Еще одно условие, которое может привести к затруднению дыхания, называется меконий, обусловлено наличием мекония в легких ребенка. Это из-за этого, что легкие не раздуваются после рождения. Это известно, как синдром аспирации мекония, и может привести ребенка в отделение интенсивной терапии новорожденных. Вообще мекония; это липкое вещество, освобождаемое только после рождения, вместе с экскрементами ребенка. Однако, когда мекония высвобождается до рождения в амниотическую жидкость, создается проблема. Это когда околоплодные воды не выталкиваются вовремя, и происходит задержка при дыхании. В следующем разделе статьи мы рассмотрим функции которые выполняет амниотическая жидкость.

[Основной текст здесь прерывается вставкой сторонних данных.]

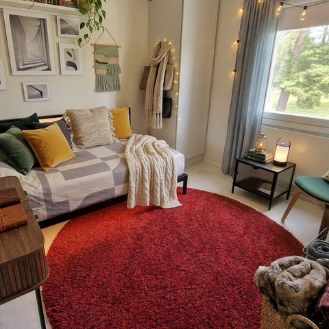 Den här lekfulla mattan med svarta prickar är designad av Ingela Håkansson Lamm, medgrundare av det innovativa svenska designkollektivet 10-gruppen. Ung i sinnet och typiskt skandinavisk.

Роль амниотической жидкости?

Амниотическая жидкость является жидкостью, в которой ребенок плавает во время нахождения в утробе матери. Этот плавающий механизм, помогает ребенку в его развитии. Вот то, что околоплодные воды делают для роста и развития ребенка.

  • Амниотическая жидкость служит для смазки, в которой ребенок плавает и перемещается.
  • Она играет важную роль в защите ребенка и обеспечение его подушки.
  • Она дает уверенность, что пуповина не сожмется; ребенок может задохнуться если подача кислорода через пуповину будет отрезана.
  • Она также способствует росту и развитию легких, ребенок вдыхает околоплодные воды.
  • Она состоит из питательных веществ и компонентов, которые помогают ребенку в строительстве его иммунной системы.

Каковы симптомы переходного тахипноэ

Вы можете понять, что ваш ребенок переживает это состояние, если вы заметите что:

  • Ребенок быстро дышит.
  • Раздувает свои ноздри во время вдоха и выдоха
  • Грудная клетка образует вмятину, как структура, когда ребенок дышит
  • Дети с жидкостью в легких вызывают определенные стоны
  • В наружных полостях рта и носа появляются синеватые лучи.

Лечение при преходящем тахипноэ

Есть определенные диагностические тесты, которые выявляют эту аномалию, например, полный анализ крови (CBC), чтобы обнаружить присутствие инфекций; рентгенография грудной клетки, она показывает, если легкие ребенка заполнены в значительной степени. Дополнительный кислород подается путем надевания кислородной маски и непрерывного давления в дыхательных путях, через который проходит воздух, благодаря которому откроются дыхательные пути в легких ребенка.

К сожалению, пока не существует каких-либо профилактических мер по контролю возникновения этого состояния.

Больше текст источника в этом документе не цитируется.